ENTRIES SHOWN

══════════

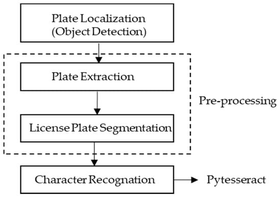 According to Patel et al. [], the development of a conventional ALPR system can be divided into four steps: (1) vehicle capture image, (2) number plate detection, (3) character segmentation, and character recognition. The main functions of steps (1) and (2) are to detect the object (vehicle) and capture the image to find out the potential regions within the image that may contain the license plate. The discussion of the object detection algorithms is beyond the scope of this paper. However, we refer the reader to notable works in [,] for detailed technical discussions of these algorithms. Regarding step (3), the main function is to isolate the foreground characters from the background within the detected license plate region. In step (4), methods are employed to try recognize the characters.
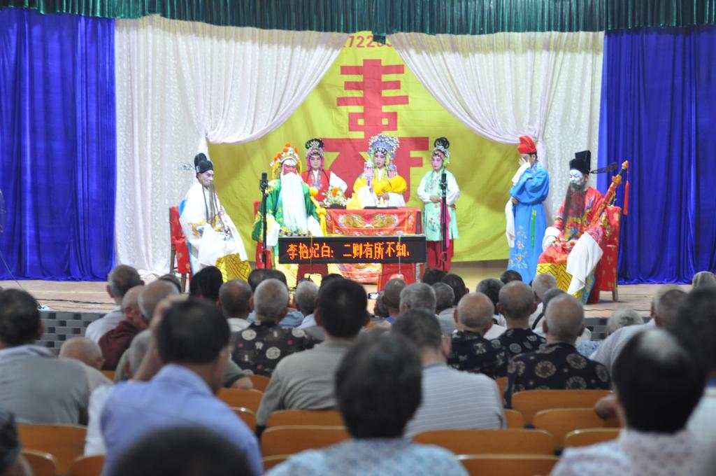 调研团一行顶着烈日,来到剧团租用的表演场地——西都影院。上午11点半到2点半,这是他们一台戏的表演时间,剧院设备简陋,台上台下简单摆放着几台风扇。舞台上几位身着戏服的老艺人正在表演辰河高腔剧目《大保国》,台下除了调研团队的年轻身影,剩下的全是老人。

══════════

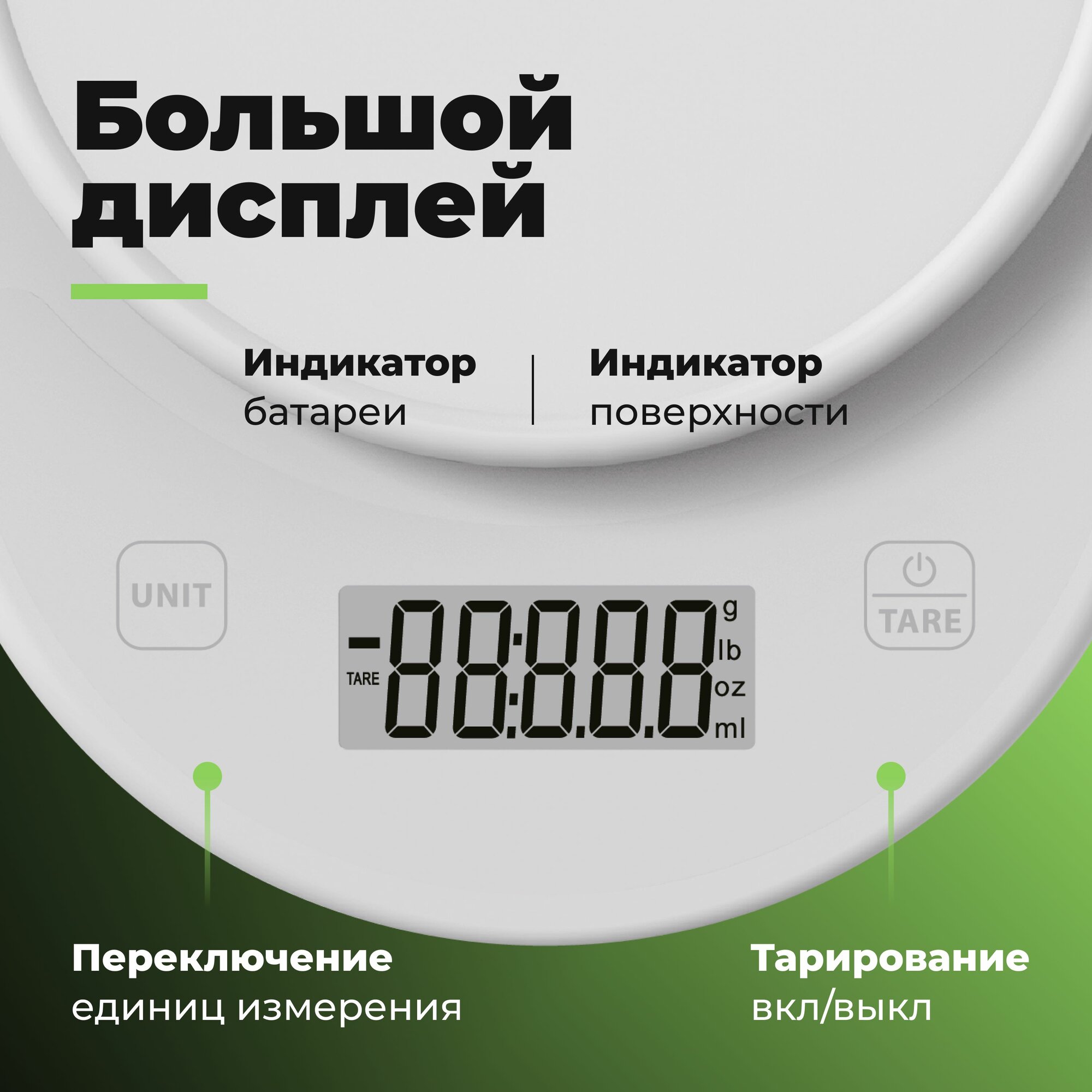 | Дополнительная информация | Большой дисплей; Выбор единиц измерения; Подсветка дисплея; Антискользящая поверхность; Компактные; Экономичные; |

══════════

WORK INSTRUCTIONS
Set the pictures aside and retype exactly the lines above from the line with "According to Patel" to the line with "调研团一行顶着烈日,来到剧团", both included, adding no others.

COMPLETED TASK
 According to Patel et al. [], the development of a conventional ALPR system can be divided into four steps: (1) vehicle capture image, (2) number plate detection, (3) character segmentation, and character recognition. The main functions of steps (1) and (2) are to detect the object (vehicle) and capture the image to find out the potential regions within the image that may contain the license plate. The discussion of the object detection algorithms is beyond the scope of this paper. However, we refer the reader to notable works in [,] for detailed technical discussions of these algorithms. Regarding step (3), the main function is to isolate the foreground characters from the background within the detected license plate region. In step (4), methods are employed to try recognize the characters.
 调研团一行顶着烈日,来到剧团租用的表演场地——西都影院。上午11点半到2点半,这是他们一台戏的表演时间,剧院设备简陋,台上台下简单摆放着几台风扇。舞台上几位身着戏服的老艺人正在表演辰河高腔剧目《大保国》,台下除了调研团队的年轻身影,剩下的全是老人。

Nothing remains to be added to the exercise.